**TRY IT:** Line by line, print the records exactly, and keep images out of the copy.

Start of DATA TO EXAMINE

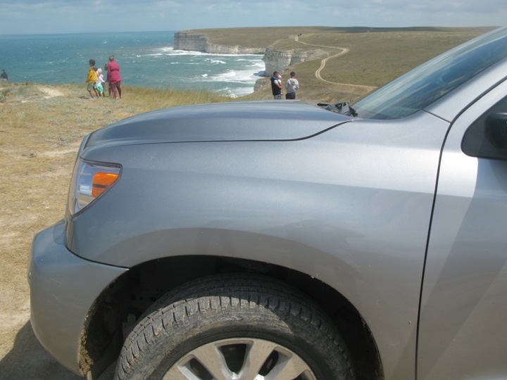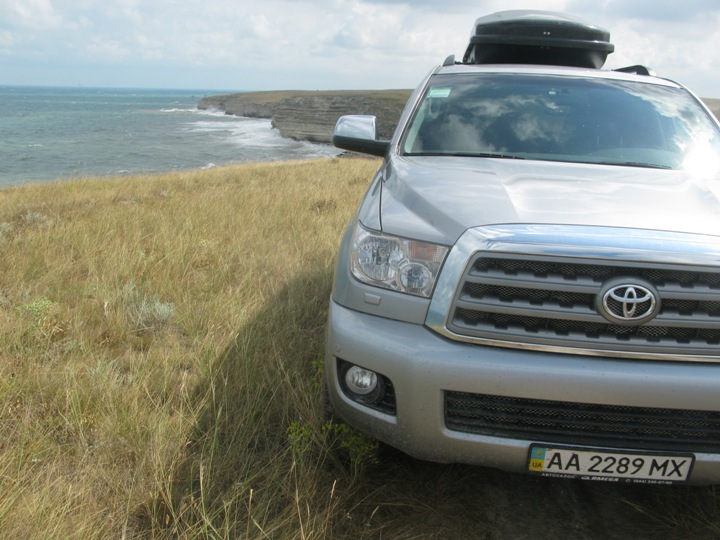 С учетом мокрого и каменистого грунта ехал все время на полном приводе, иногда, при крутом подъеме из балки, включал блокировку. Поэтому дорога была легкой и это позволило ехать по краю скалистого берега.
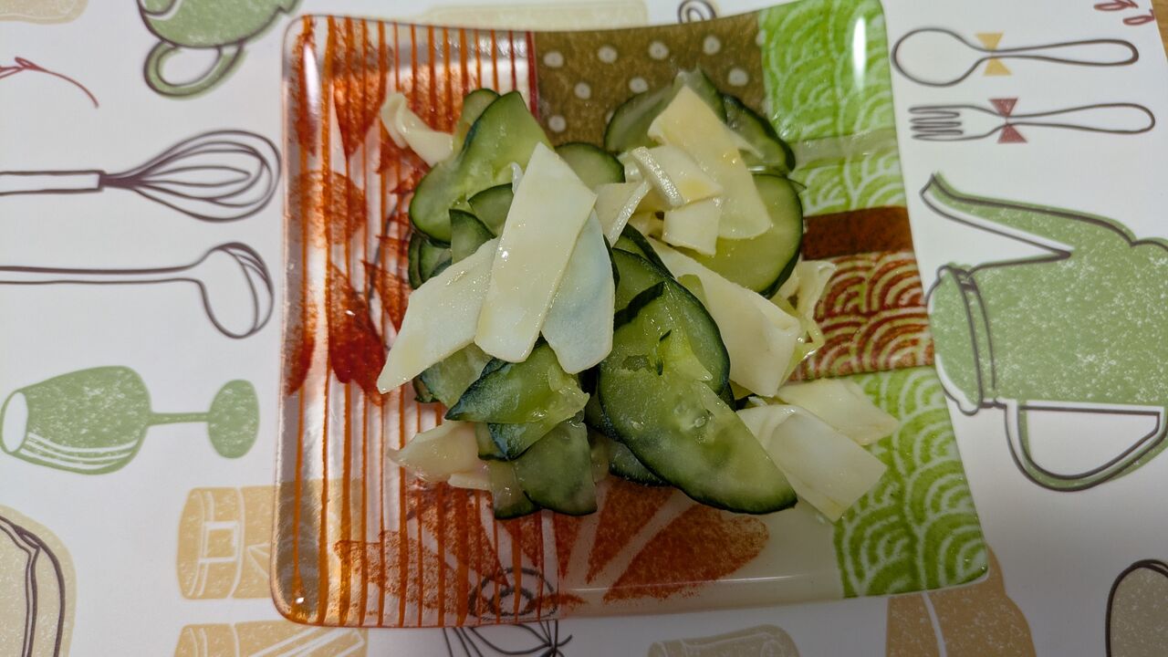 普段は胡瓜ではなくセロリですが、ずっと高騰中なので胡瓜で代用しました
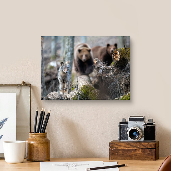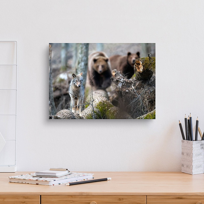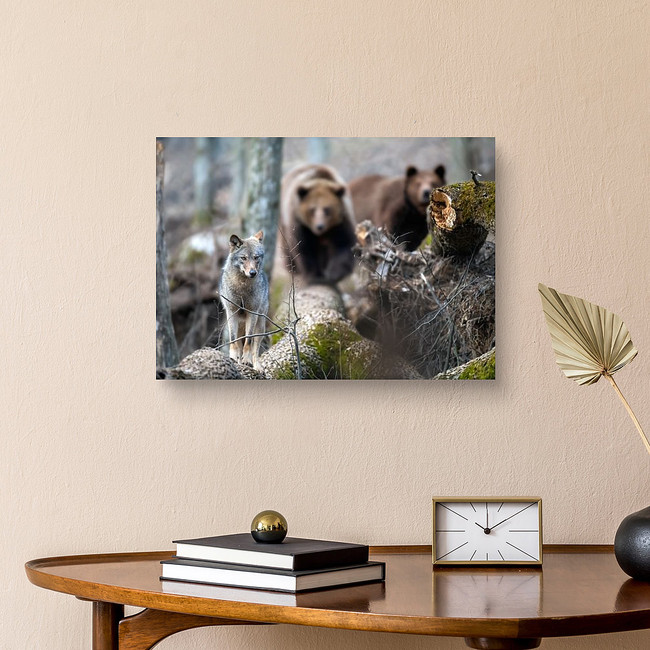 Wolf On A Fallen Tree With Two Bears In The Background Canvas Print
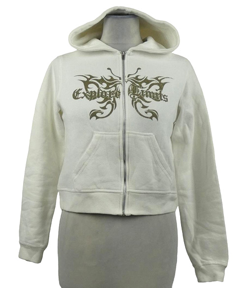 Dámská bílá crop propínací mikina s nápisem a kapucí Pull & Bear
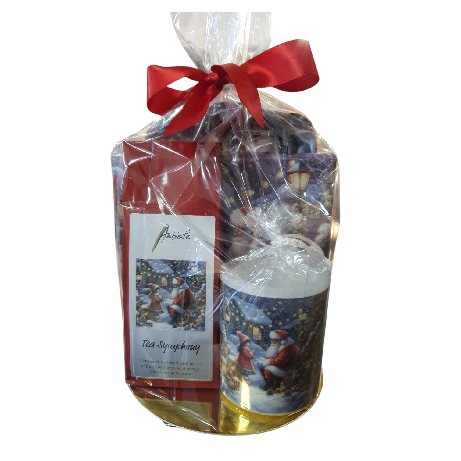 Kadoset zittende kerstman met kaars dienbladen servetten en thee

End of DATA TO EXAMINE

**TASK ANSWER:**
 С учетом мокрого и каменистого грунта ехал все время на полном приводе, иногда, при крутом подъеме из балки, включал блокировку. Поэтому дорога была легкой и это позволило ехать по краю скалистого берега.
 普段は胡瓜ではなくセロリですが、ずっと高騰中なので胡瓜で代用しました
 Wolf On A Fallen Tree With Two Bears In The Background Canvas Print
 Dámská bílá crop propínací mikina s nápisem a kapucí Pull & Bear
 Kadoset zittende kerstman met kaars dienbladen servetten en thee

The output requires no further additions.